BEGIN The data

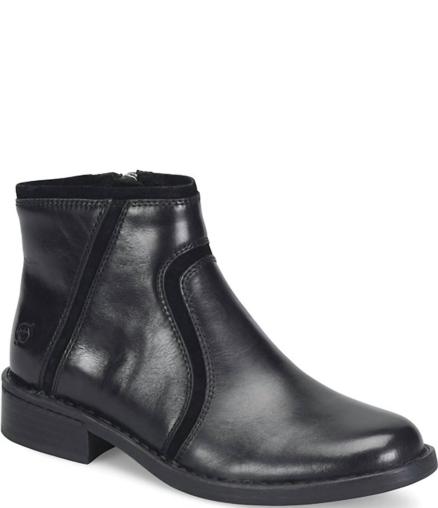 Say hello to the perfect, most versatile boot. The ankle height makes this style easily transition from day to night. Wear them with your favorite skinny jeans and tee for a more laid back look, or pair them with your favorite mini dress and jacket for a night out on the town. Experience timeless elegance and comfort with the Women's Cincy Leather Booties by Born, crafted for women who value both style and practicality. These booties feature a 4" shaft and a 1" stacked heel, providing a harmonious blend of form and function, with an almond toe shape for added sophistication. Made from a full grain leather and suede combo, they feature a micro suede lining for softness and a rubber, micro suede-covered PU foam footbed for cushioning. Enhanced with suede accents, these booties boast a side zipper for easy wear, making them a standout in any workwear ensemble.
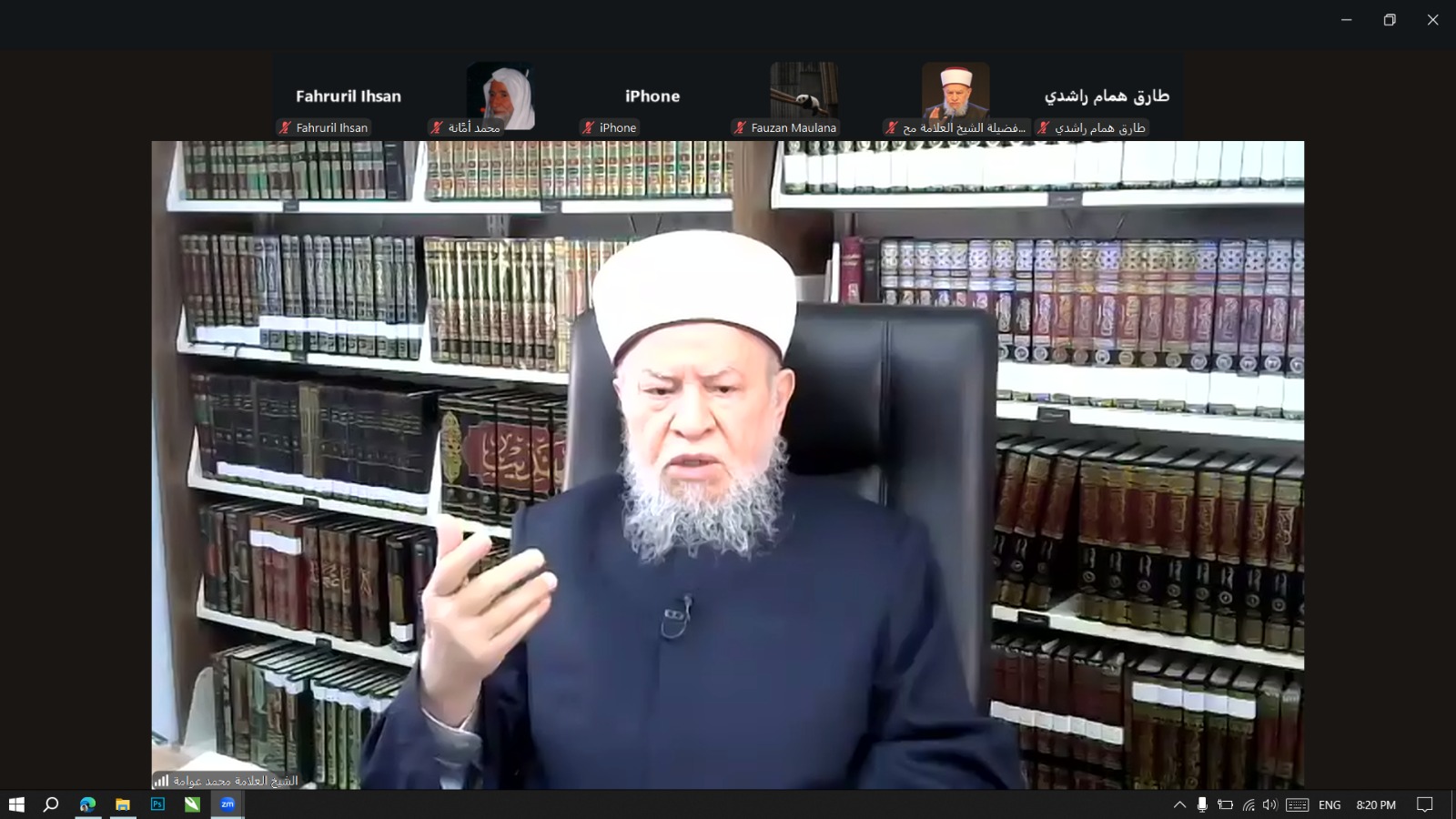 Tercatat lebih dari 180 peserta mengikuti acara melalui zoom, dan ribuan peserta lainnya hadir melalui live streaming facebook akun “فضيلة الشيخ العلامة محمد عوامة” dengan seksama hingga berakhir. (Ustaz Nurul Fattah MA, ketua Awwamah Center Indonesia/ ACI)
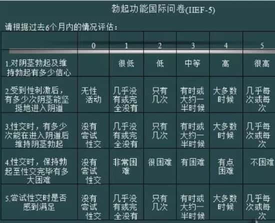 IIEF-5符合勃起功能障碍(ED)的定义,也是简单有效的ED筛选工具,标准如下:
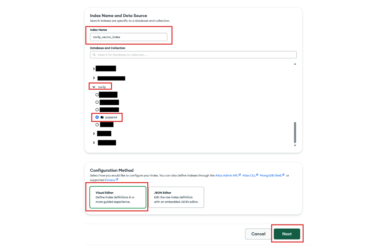 Step 5: Next, select the database and collection that contain the documents with your embeddings. For the configuration method, choose Visual Editor, which makes the setup more intuitive.
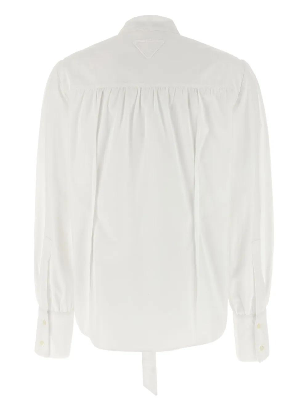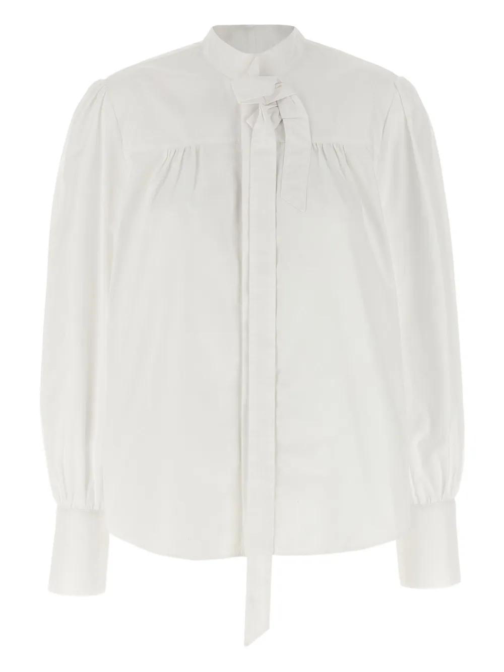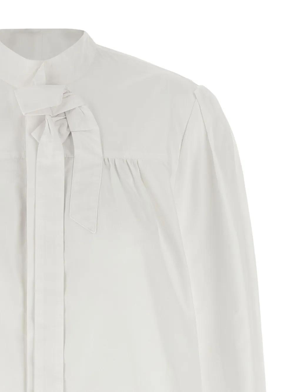 white korean collar bow detail front button closure long sleeves rear logo appliqué
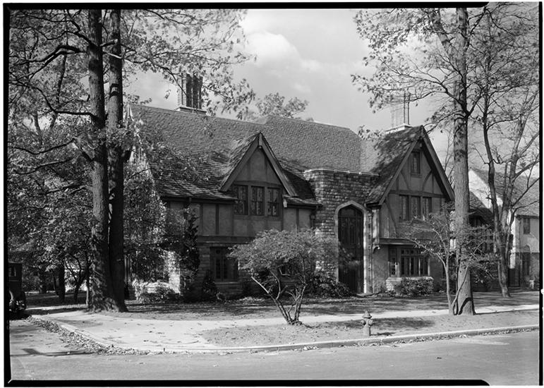 Dr. Edgar Sampson [residence]. Detail of tree and bay window.
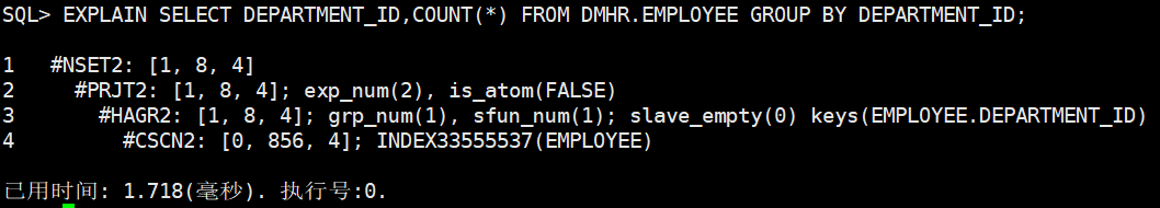 SQL> EXPLAIN SELECT DEPARTMENT_ID,COUNT(*) FROM DMHR.EMPLOYEE GROUP BY DEPARTMENT_ID;
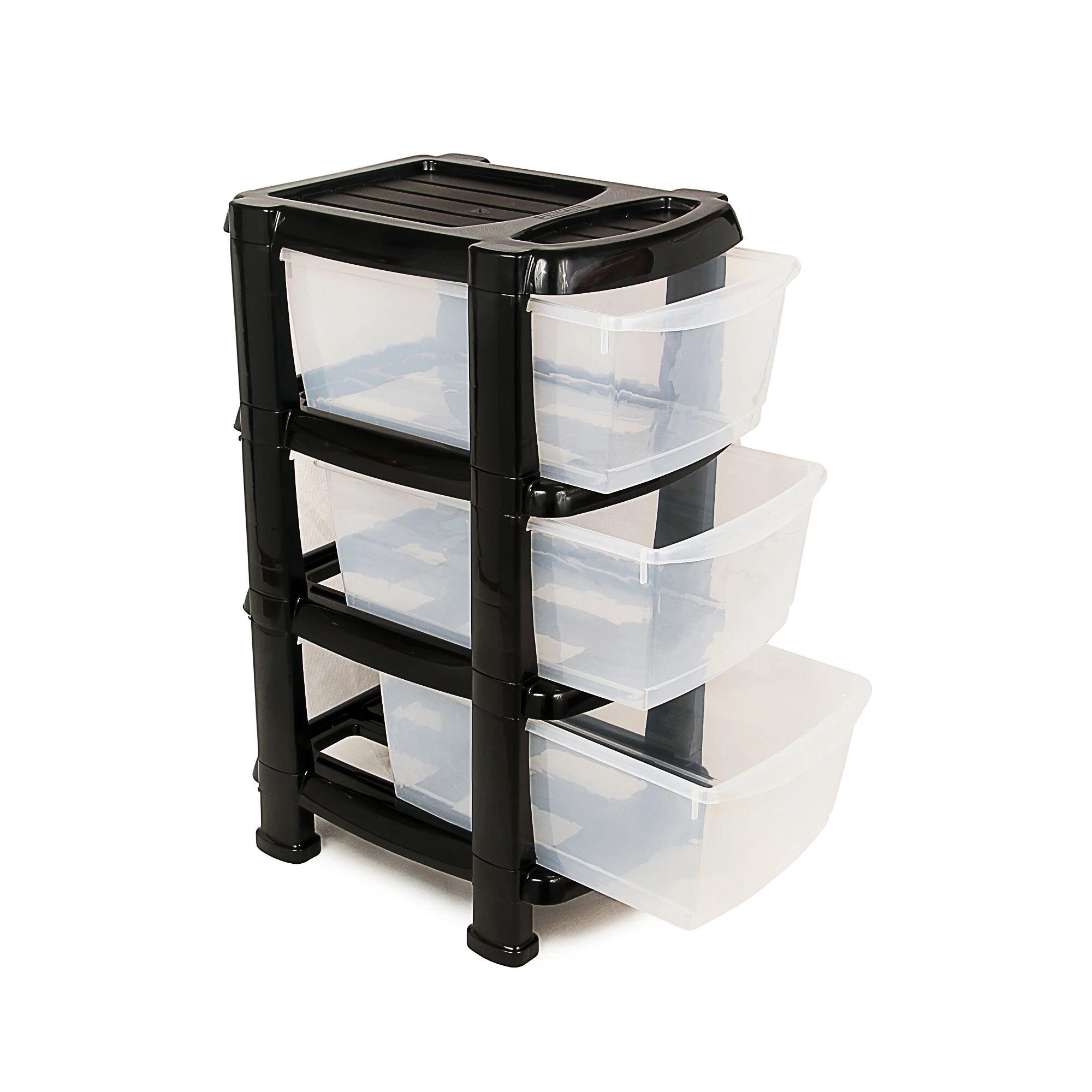 Plastový regál s tromi zásuvkami vám poslúži ako úložisko vašich vecí. Papiere, písacie potreby alebo hračky tak budú vždy po ruke a predovšetkým na jednom mieste. Vďaka priehľadnému prevedeniu zásuviek ľahko uvidíte, čo je ukryté vo vnútri, takže nebudete musieť zložito zisťovať, čo sa ukrýva pod zatvorenými vekami. Svoje využitie nájde v domácnostiach, ale napríklad aj v kanceláriách. Navyše je vyrobený z plastu odolného voči teplotám aj extrémom , takže sa nemusíte báť, že by sa len tak zničil. Výrobok je v dvoch farebných variantoch – s čiernym alebo bielym okrajom. |
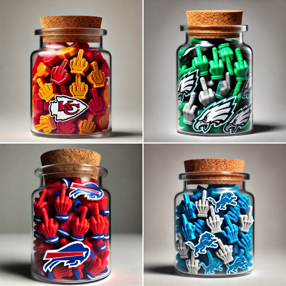 🤣Check out the ultimate collection of NFL team spirit with a twist—our Funny NFL Middle Finger Jars! Perfect for fans who want to add some humor to their game-day decor.
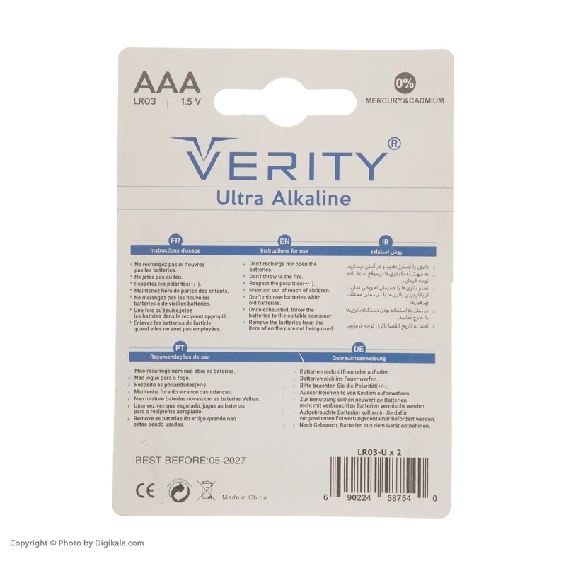 باتری نيم قلمی دو عددی وريتی مدل LR03 Ultra Alkaline
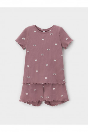Трикотажная пижама в рубчик из натурального хлопка. Футболка с короткими втачными рукавами и шорты с эластичной резинкой в поясе. Оригинальная набивка выполнена из стойких текстильных гипоаллергенных красителей. Изделие сохраняет цвет и форму после многократных стирок. Все трикотажные полотна производятся в соответсвии с нормами швейцарского сертификата ЭкоТекс.

END The data

Above are the records. Copy only the lines from the one with "Step 5: Next, select" through the one with "SQL> EXPLAIN SELECT", exactly, with no pictures.

 Step 5: Next, select the database and collection that contain the documents with your embeddings. For the configuration method, choose Visual Editor, which makes the setup more intuitive.
 white korean collar bow detail front button closure long sleeves rear logo appliqué
 Dr. Edgar Sampson [residence]. Detail of tree and bay window.
 SQL> EXPLAIN SELECT DEPARTMENT_ID,COUNT(*) FROM DMHR.EMPLOYEE GROUP BY DEPARTMENT_ID;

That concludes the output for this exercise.